■ **WHAT IS EXPECTED**:
Every picture is to be removed, and all the data is to be copied exactly.

■ **PROVIDED DATA**:
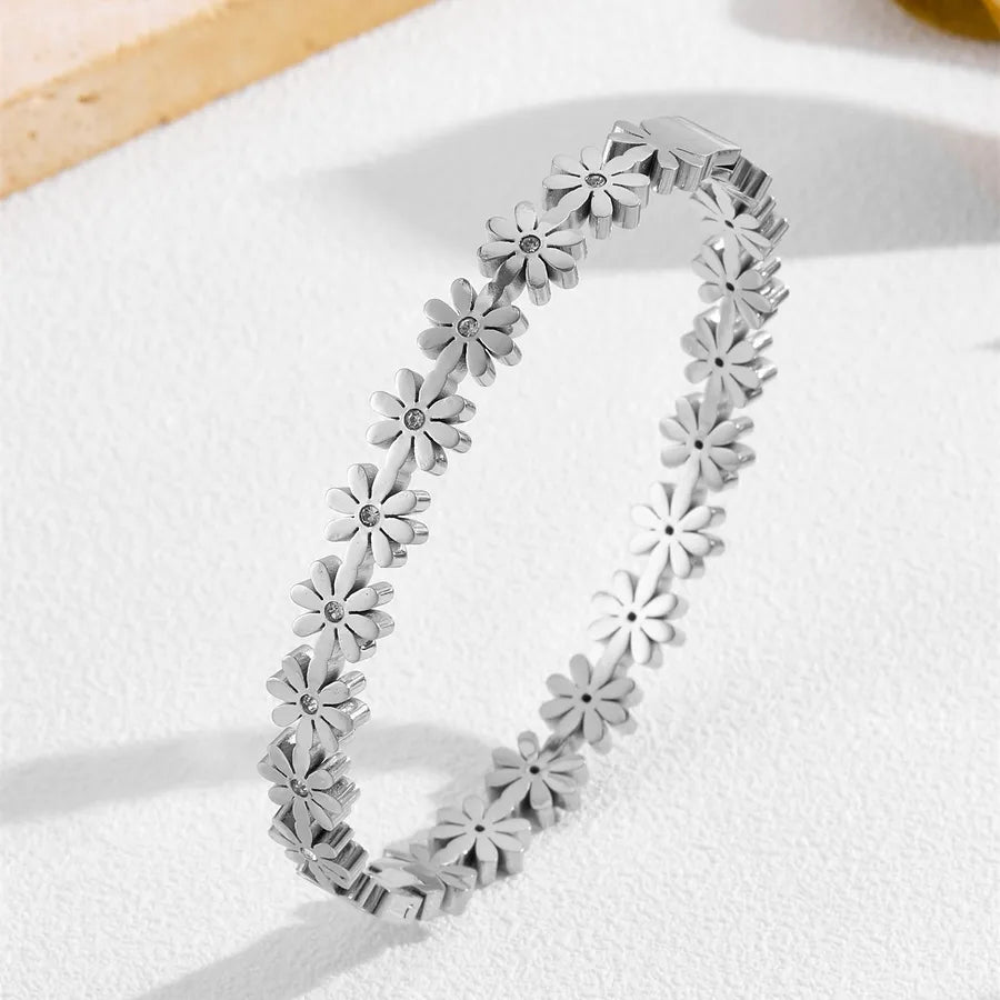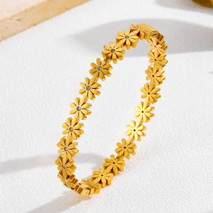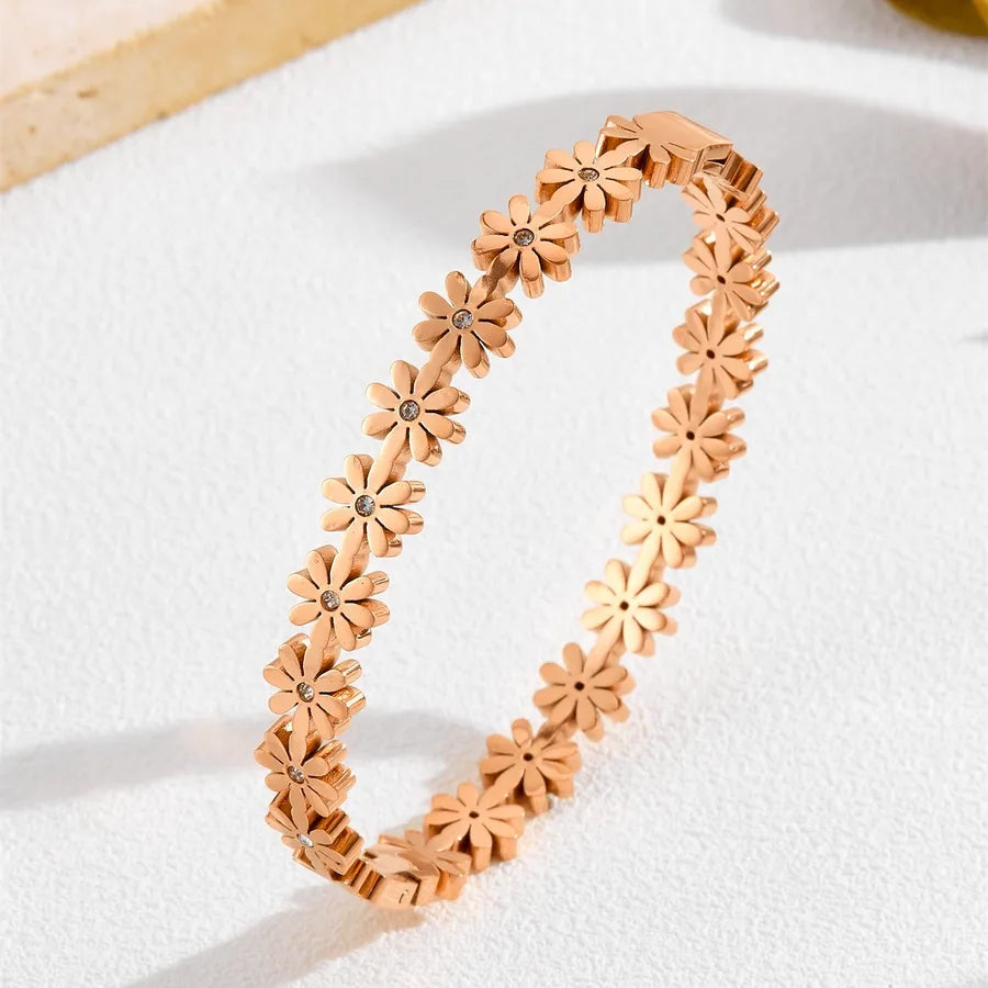 Elegant Sweet Flower Titanium Steel 18K Gold Plated Rhinestones Bangle In Bulk
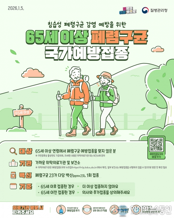 폐렴구균 무료 예방접종 포스터./사진제공=옥천군청 [아시아뉴스통신=장하영 기자] 옥천군은 65세 이상(1961년 12월 31일 이전 출생자) 어르신을 대상으로 ‘폐렴구균 무료 예방접종’을 실시한다고 밝혔다. 통계청 2023년 사망원인 통계에 따르면 폐렴은 암, 심장질환에 이어 국내 사망원인 3위를 차지하고 .. 2026-01-30
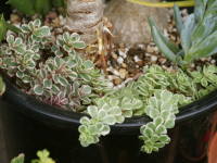 同じ多肉植物同士の寄せ植えにしてもよいと思います。購入した苗を使ってもよいですし、挿し木で容易につくので、他の種類と一緒に挿して寄せ植えにしてもよいと思います。![]() 株元に寄せ植え |
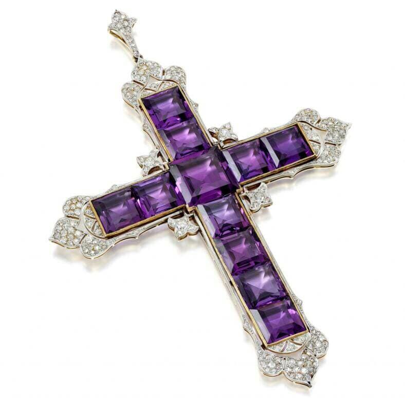 Le pendentif est composé de 11 améthystes de taille carrée montées en forme de croix et entourées de diamants de taille circulaire disposés selon un motif floral. Il mesure environ 5,4 pouces sur 3,7 pouces et le poids total des diamants s’élève à environ 5,25 carats.
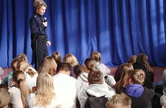 Bezpieczeństwo w szkole i w sieci – spotkanie z policjantką w SP nr 5
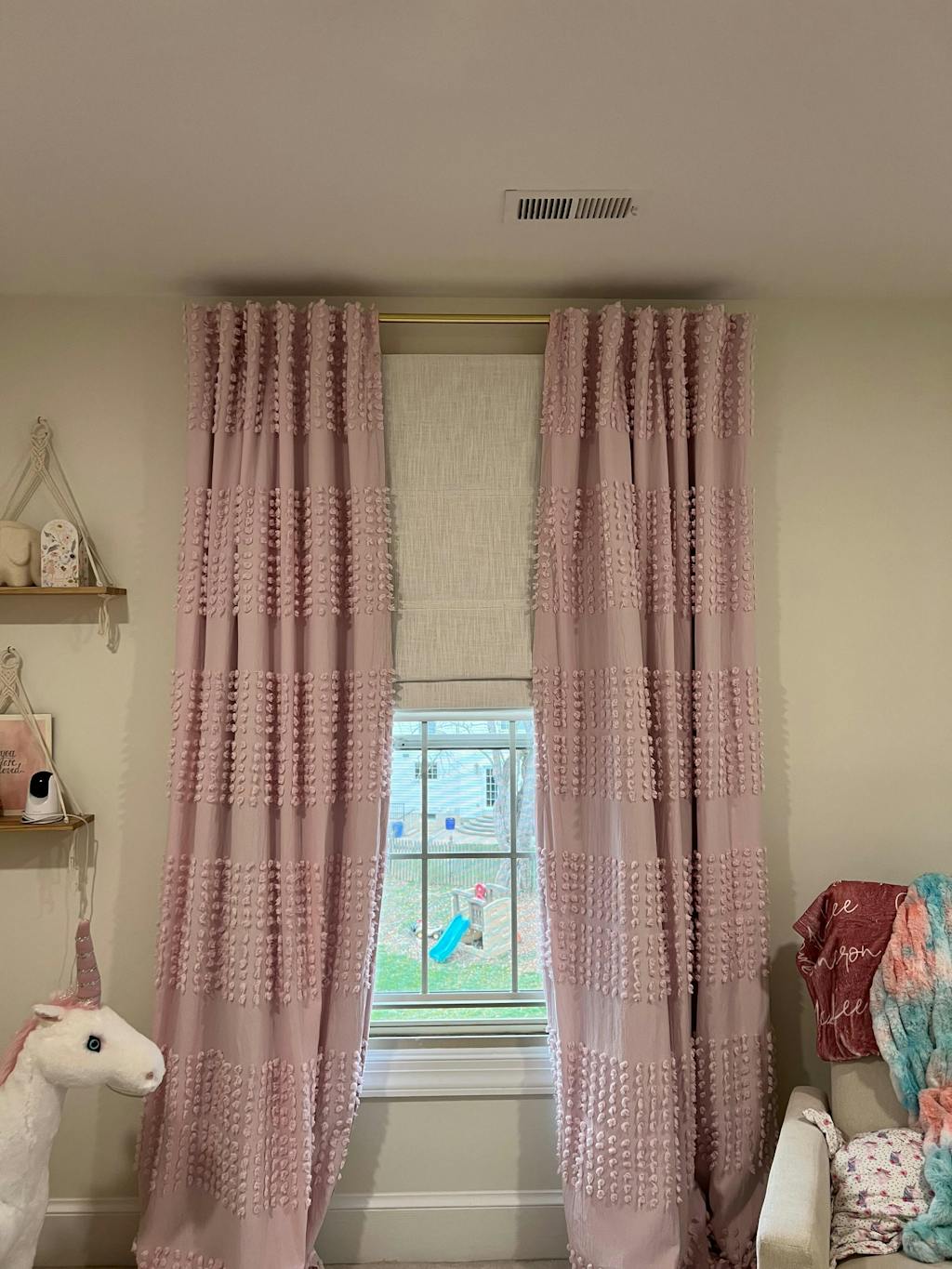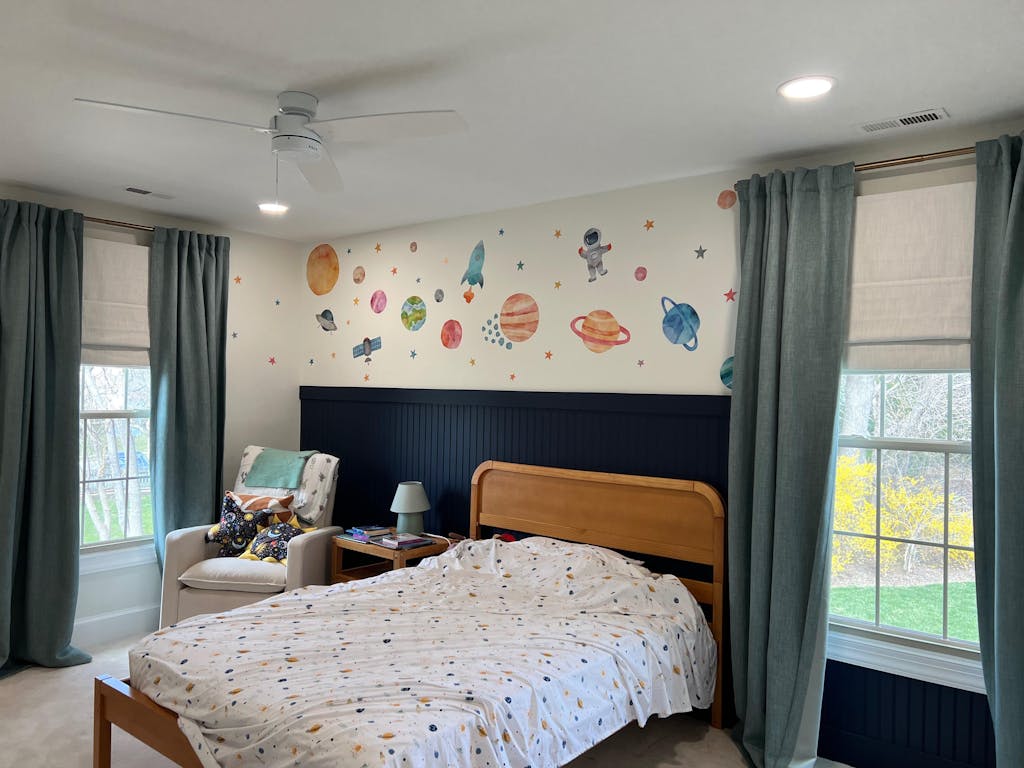 I was very excited to get these and love how they look with my kids rooms. Unfortunately, the way they are sewn together allows for a lot of light to get through. I ordered the blackout lining hoping I wouldn’t need to close the curtains but as you can see, the seams are super bright.

■ **ANSWER TO THE PROBLEM**:
 Elegant Sweet Flower Titanium Steel 18K Gold Plated Rhinestones Bangle In Bulk
 폐렴구균 무료 예방접종 포스터./사진제공=옥천군청 [아시아뉴스통신=장하영 기자] 옥천군은 65세 이상(1961년 12월 31일 이전 출생자) 어르신을 대상으로 ‘폐렴구균 무료 예방접종’을 실시한다고 밝혔다. 통계청 2023년 사망원인 통계에 따르면 폐렴은 암, 심장질환에 이어 국내 사망원인 3위를 차지하고 .. 2026-01-30
 同じ多肉植物同士の寄せ植えにしてもよいと思います。購入した苗を使ってもよいですし、挿し木で容易につくので、他の種類と一緒に挿して寄せ植えにしてもよいと思います。![]() 株元に寄せ植え |
 Le pendentif est composé de 11 améthystes de taille carrée montées en forme de croix et entourées de diamants de taille circulaire disposés selon un motif floral. Il mesure environ 5,4 pouces sur 3,7 pouces et le poids total des diamants s’élève à environ 5,25 carats.
 Bezpieczeństwo w szkole i w sieci – spotkanie z policjantką w SP nr 5
 I was very excited to get these and love how they look with my kids rooms. Unfortunately, the way they are sewn together allows for a lot of light to get through. I ordered the blackout lining hoping I wouldn’t need to close the curtains but as you can see, the seams are super bright.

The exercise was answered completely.